Shortly after the unification of Germany in 1871 Bismarck became a subject for monuments. Frequently Bismarck was not honoured with a monument by himself, but was honoured together with other figures from the wars of 1866 and 1870–71 and those people involved in the unification of the Empire, such as Emperor William I, Crown Prince Frederick William, Moltke and Roon in the large number of victory or Empire monuments built after 1871 in many places.

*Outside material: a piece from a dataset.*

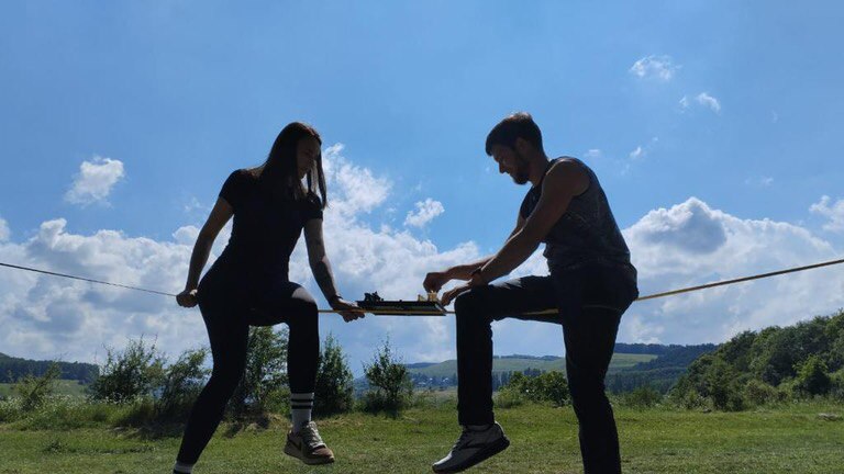 Ещё одна игра прошла в ущелье Берёзовской балки, где на натянутой стропе слэклайнеры должны были балансировать и при этом держать потерянные фигуры в руках.

The first public statues of Bismarck were taken from 1877 onwards (such as the indirect portrayal on the Canossa Column at Bad Harzburg). The first monument that displayed a full-size Bismarck, was the Bismarck Monument (Bad Kissingen) erected in 1877 in Bad Kissingen (Hausen). Initially the most frequently encountered monuments were bronze busts or statues. In most cases, they portrayed on a high plinth, an oversized cast statue of Bismarck as a military figure in the uniform of a cuirassier, based on the prototype of the second Bismarck statue unveiled in 1879 in Cologne. The central squares of cities were usually decorated with these monuments. In addition, over thirty Bismarck fountains were built. Bismarck monuments were erected on all continents, mostly in the German colonies, but also in countries with German emigrants, such as USA and Brazil.

===Monuments from 1890 to 1898===
Immediately after Bismarck's dismissal in 1890 committees were founded in several places to plan the erection of commemorative monuments. The number of monument settings now increased gradually. Simultaneously new types of monument were conceived. A few monuments showed Bismarck as a private person as e. g. the Leipzig Bismarck Monument, which portrays him as a hunter with his dog, Tyras.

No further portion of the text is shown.